The theme of isolation is prevalent in Sunnyville Stories. As I’ve explained before, Sunnyville is a very remote village surrounded by wilderness. There’s nothing but trees all over and there’s a feeling of being cut off from the outside world. Time seems to stand still in Sunnyville. However, it’s not just the locations in my work that are isolated. It’s the characters too.
Take Rusty. At the start of the series, he was isolated himself. He was new in town. He was also in a completely new environment that was radically different from where he used to live. Rusty went from living in a metropolis to a tiny village. This is largely based on some of my own experiences of moving from New York City to rural North Carolina many years ago. Besides being in a different place, he doesn’t know anyone. Things change of course once he befriends Samantha Macgregor. (See episode 1 of the series for more details, available for free to read here on the blog.)

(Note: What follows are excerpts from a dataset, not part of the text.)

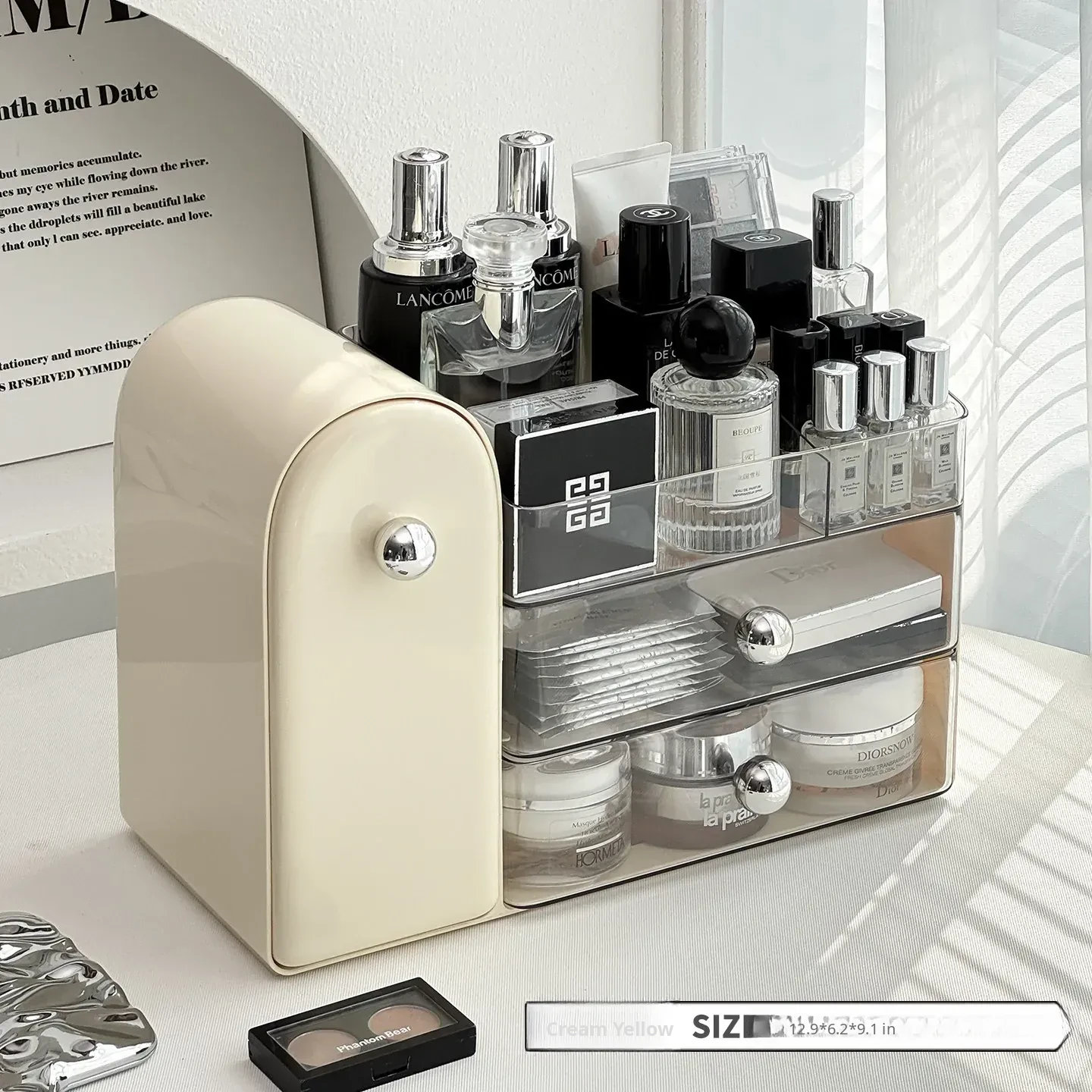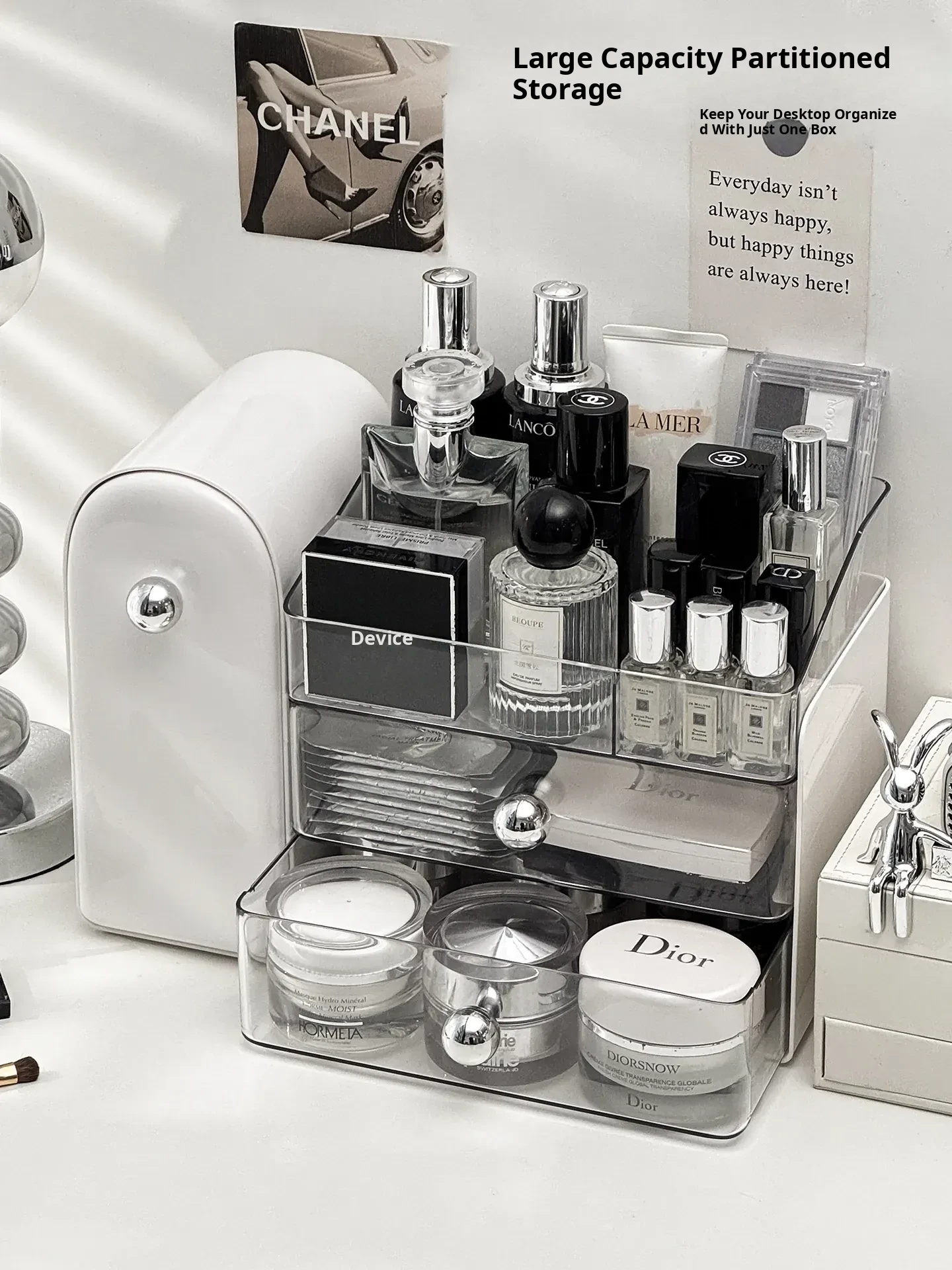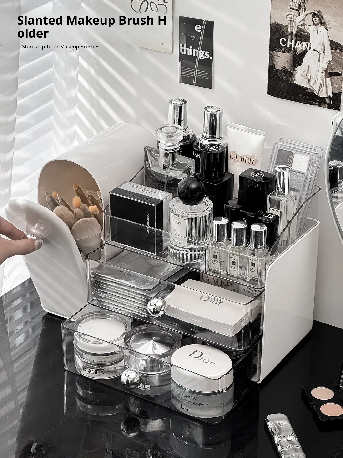 Elegant Cosmetic Organizer: Premium Skincare Storage Rack for Vanity, Dustproof Makeup Brush Holder & Lipstick Organizer Box - Keep Your Beauty Essentials Neat and Chic!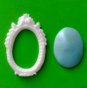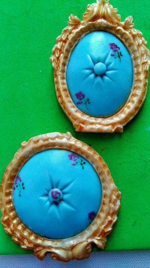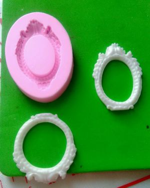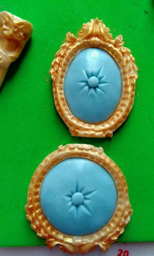 开始制作欧式高椅:准备一个硅胶的欧式镜框模,干佩斯印出2个镜框,1个椭圆形,一个整成圆形
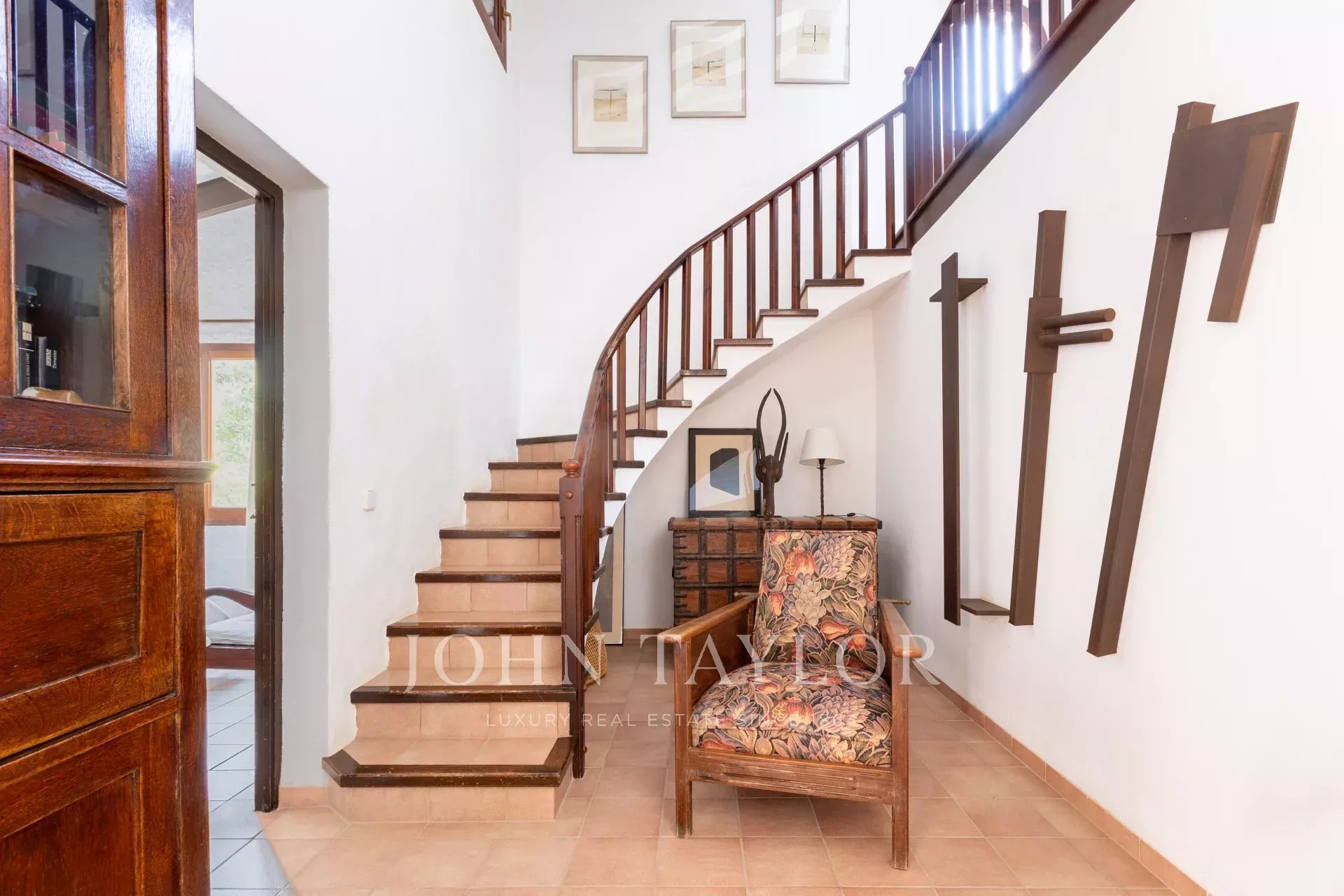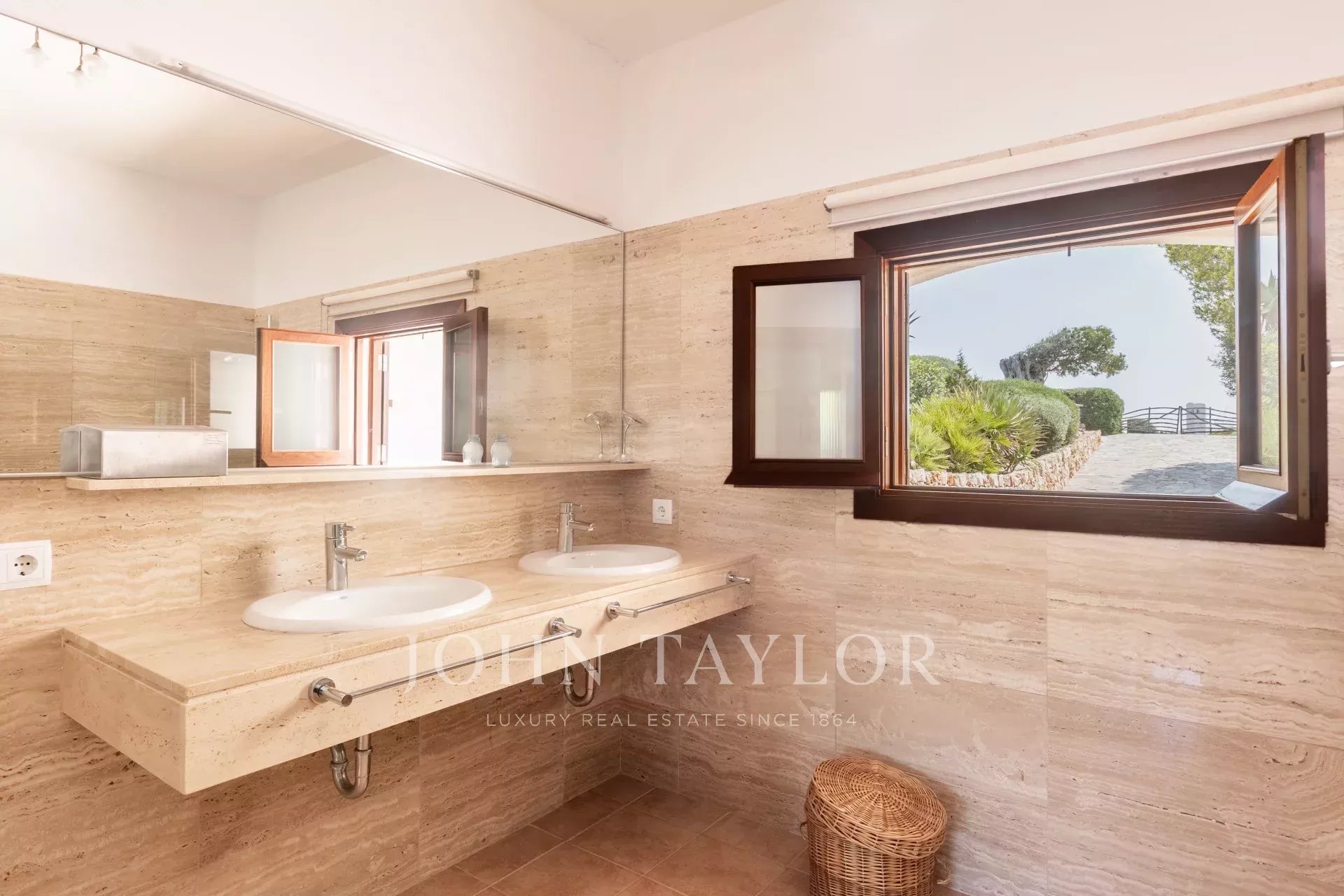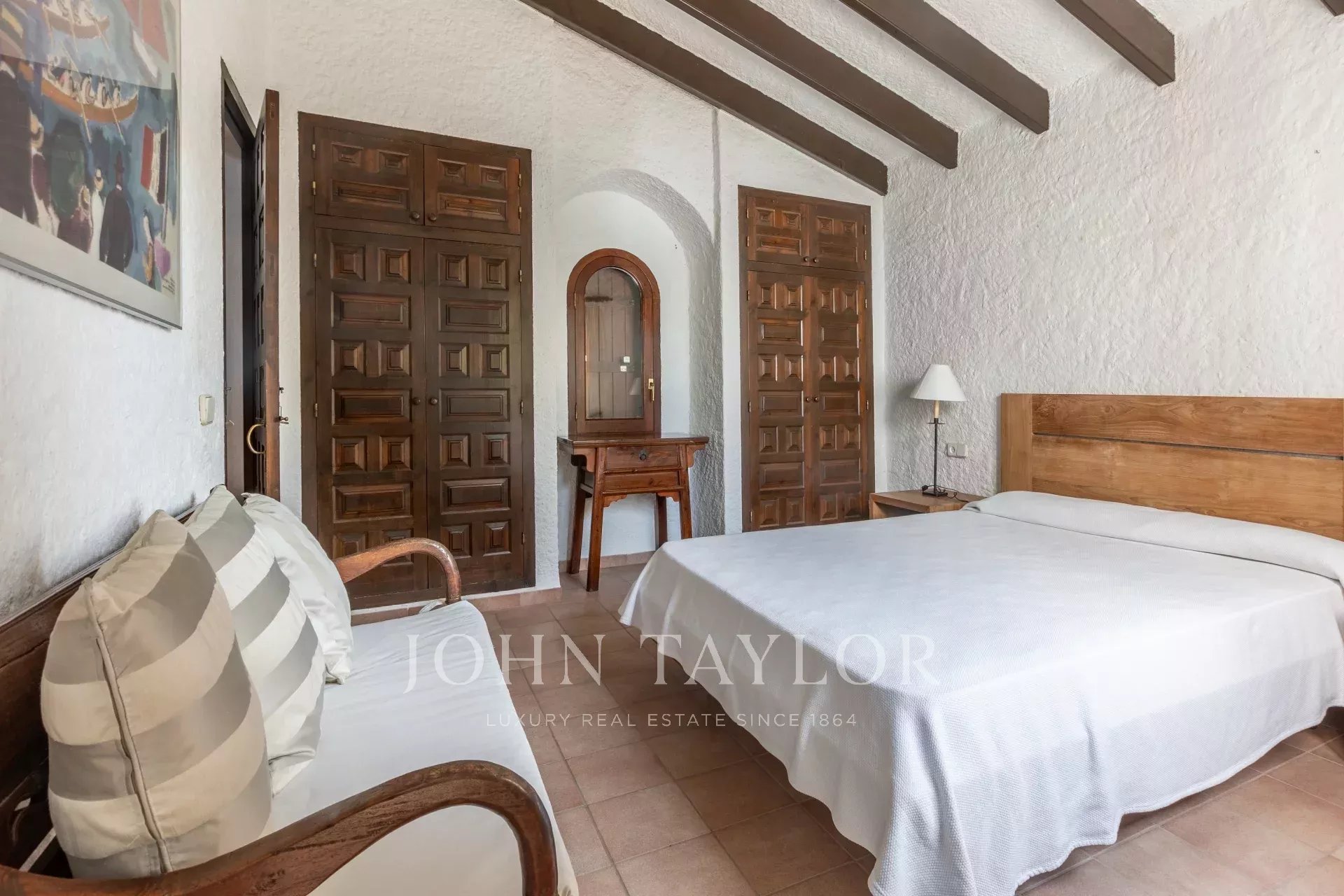 La maison principale dispose d'un hall d'entrée spacieux menant à la salle à manger et au salon qui jouissent d'une magnifique vue sur la mer. La grande cuisine fonctionnelle mène à une buanderie et à une terrasse couverte. Trois chambres meublées de qualité avec salles de bains attenantes complètent cet étage. À l'étage, la chambre principale d'environ 60 m2 dispose d'une salle de bains avec jacuzzi et douche à l'italienne, d'un grand dressing, de deux terrasses avec une vue imprenable et d'un accès au toit-terrasse avec une vue à 360 degrés.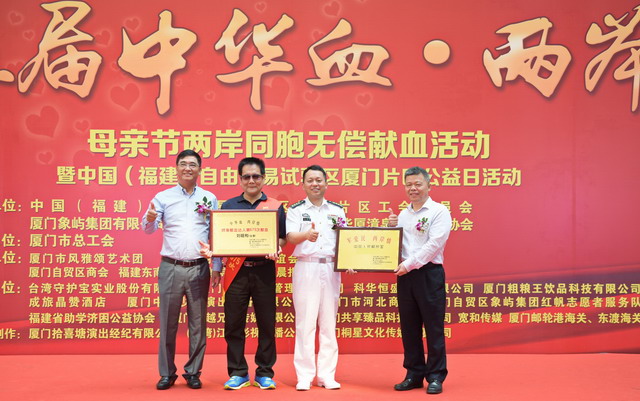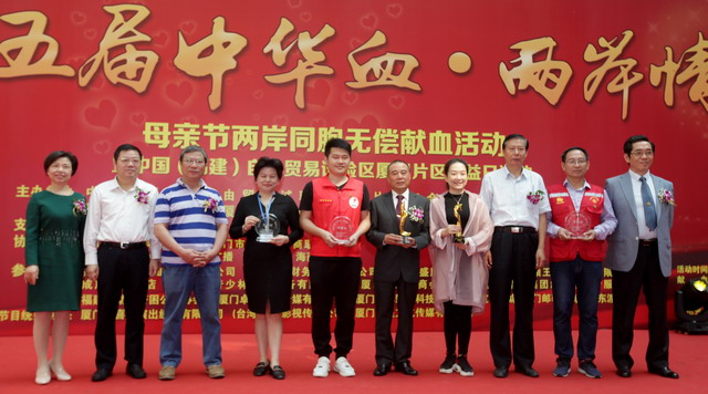 主辦方為兩岸同胞無(wú)償獻(xiàn)血公益做出貢獻(xiàn)的組織和個(gè)人頒獎(jiǎng)。

It’s not just Sunnyville where this happens. I’ve also been working on a Gothic horror work Von Herling, Vampire Hunter. (Samples of that are available to read on my other blog.) That saga revolves around August Von Herling, a red fox and precocious youth who’s dedicated to battling the creatures of the night. Like with Sunnyville, the setting of the story is the mountains of Eastern Tennessee in a fictitious town called Ricthen (named after the character Rudolph Van Richten, from the tabletop role playing game Ravenloft). The town itself is surrounded by both forest and mountains, meant to resemble Transylvania. But there’s also a sense of physical isolation too. Von Herling is a stranger in a strange land. His way of talking is that of a person who is very precise and matter-of-fact. This, combined with a refined accent, immediately sets him apart from the Southerners inhabiting Richten. His dress too marks him as an outsider; Von Herling wears suits, resembling someone out of the late Victorian/Edwardian era. This also sets him apart and in the future, I was going to make that clear in the stories.
Some of the other works I’ve done before creating Sunnyville also reflect my theme of isolation. Perhaps it’s that I’ve always felt like an outsider. It’s turned out that even familiar places can start to feel isolating to me after some time.
Well, that’s it for now. I have to get back to work on my books.